# so, what level do you come up with?



## dmaec (Aug 11, 2008)

Below is an E/M visit that I had to audit and score out.  If anyone has the time to score this out and let me know what they come up with (and how) I'd sure appreciate it. It is the exact note I reviewed to determine my level.  This documentation has become the hot topic around here as far as what level it is, and why.  I'll be bringing this note and my scoring E/M sheet to an E/M training class on August 28th.  It will be interesting to see what they think too!  Thanks for any input you have! I realize you'll probably have a few questions right off the bat, but please (that's part of my point), just work with what is written below.  THANKS TONS!
SUBJECTIVE:  Patient comes today with complaints of stabbing right ear pain and some sinus pain and pressure. He feels that this ear pain is constant over the past few days. He complains that he has had an ear infection two times for the past few years. He has tried over the counter Excedrin for the pain and he does get some relief from this. In the past for his sinuses he has tried nasal saline spray, has not done this on any consistent basis. He has had no fever, rhinorrhea or cough. He has had these symptoms on and off for the past month but worse in the last few days. He reports that he is normally healthy. No chronic diseases such as diabetes, heart, lung or kidney problems. Diabetes does run in his family and 20 years ago he passed out from hypoglycemia so he does make it a point to eat small frequent meals so this does not happen again. He has not had a routine physical in 3-5 years. 

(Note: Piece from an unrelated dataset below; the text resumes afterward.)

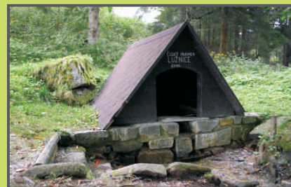
Český pramen Lužnice

Routine medications: Multivitamin.

Allergies: No known medication allergies.

Risk factors: Smokes two packs per day for 37 years. Is contemplating quitting. Has quit in the past for as long as six months. This was a couple years ago. His wife is a smoker, she refused to smoke outside of the house. This made it difficult for him while he was attempting to quit and he subsequently resumed smoking again.   

OBJECTIVE:  Vital signs: Weight 218.6#, Height 58", Blood pressure 124/78, Temp 97.6, Pulse 76, Respirations 20.  
Constitutional: Pleasant, alert and oriented X3, forty-two year old white male in no acute distress.
HEENT: 
Head: Atraumatic, normocephalic.
Eyes: Sclerae clear, conjunctivae non injected. No drainage, no eyelid inflammation or swelling. Pupils equal, round and reactive to light and accommodation. Funduscopic exam essentially within normal limits. 
Ears: External auditory canals patent. Tympanic membranes pearly gray, bony landmarks visualized. Light reflex intact and clear fluid noted behind the tympanic membranes. 
Nose: Nasal mucosa erythematous with brown discoloration from nicotine. Swollen pharynx posterior mildly injected worse on the right. Tonsils non swollen no exudates. Uvula rises midline. Swallowing intact. 
Neck: Supple, full range of motion, no lymphadenopathy.
Sinuses: Non tender to palpation, frontal and maxillary. No periorbital swelling. No facial swelling or erythema.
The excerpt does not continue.